The two best parts were a) the short scene when Edward drives Bella to school and is wearing sunglasses and puts his arm around her when everyone stares, and b) the massive frame full of graduation caps in the Cullen's house, accompanied by the line "We matriculate a lot." That was clever.
Other than that, you can probably skip both the book and the movie. What does it say about me, though, that I read the sequel to Twilight, New Moon? It says I am a sucker for serials in which I am already familiar with the characters and don't have to work at reading them at all. It's shameful, but true.

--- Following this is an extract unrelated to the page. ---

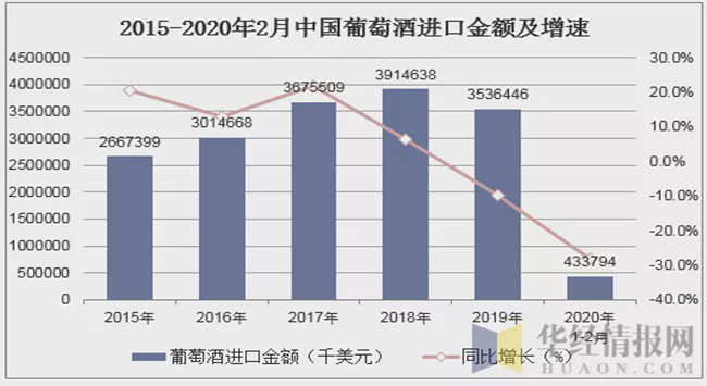 華經(jīng)產(chǎn)業(yè)研究院數(shù)據(jù)顯示:2020年1-2月中國葡萄酒進口數(shù)量為8260萬升,相比上年同期減少了3616.5萬升,降幅為30.4%;進口金額為433794千美元,相比上年同期減少了171071千美元,降幅為28.3%;2020年1-2月中國葡萄酒進口均價為5.252美元/升。
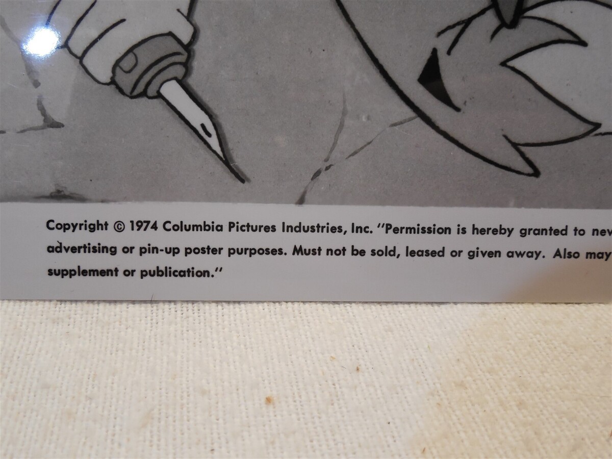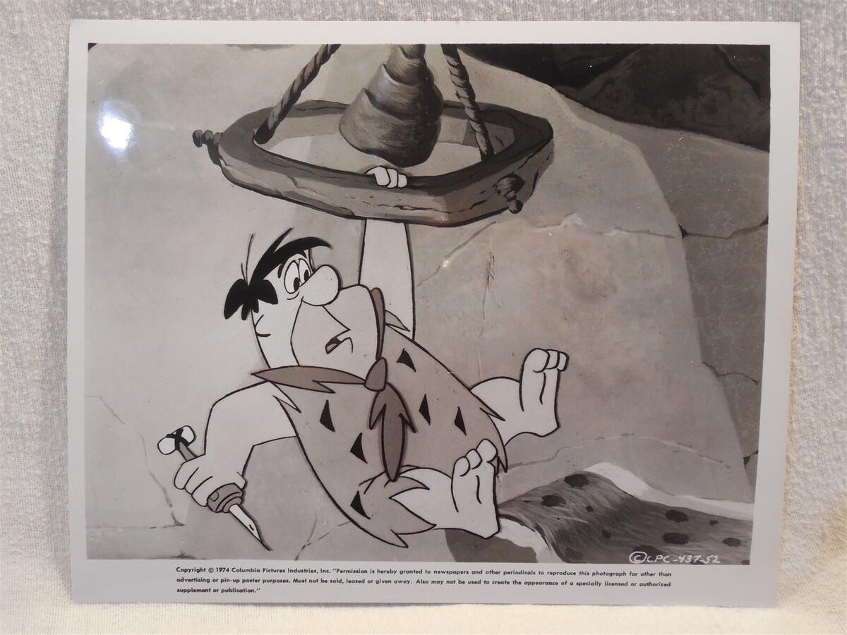 This is a 1974 Columbia Pictures Industries, Inc. black and white press photo for "The Man Called Flintstone" movie. The photo pictures Fred Flintstone hanging from a chandelier. He has a dart or some type of spy gadget in his hand. The photo measures 10" x 8".

I have to copy Tim in his review and encourage everyone who wants to see a good quality vampire movie to go see Let The Right One In, which is everything a vampire movie should be and more.
Thursday, November 20, 2008
Let The Right One In
I saw an awesome Swedish vampire movie a few weeks ago, and ever since I have been meaning to write a post on it, but of course I never got around to it, and now Tim has written an amazing review of it. I of course could never match Tim's writing on film (or, for that matter, his writing on anything), so I urge you to go read Tim's review of Let The Right One In, and then go see the movie. It's one of the most original movies I've seen in a long time.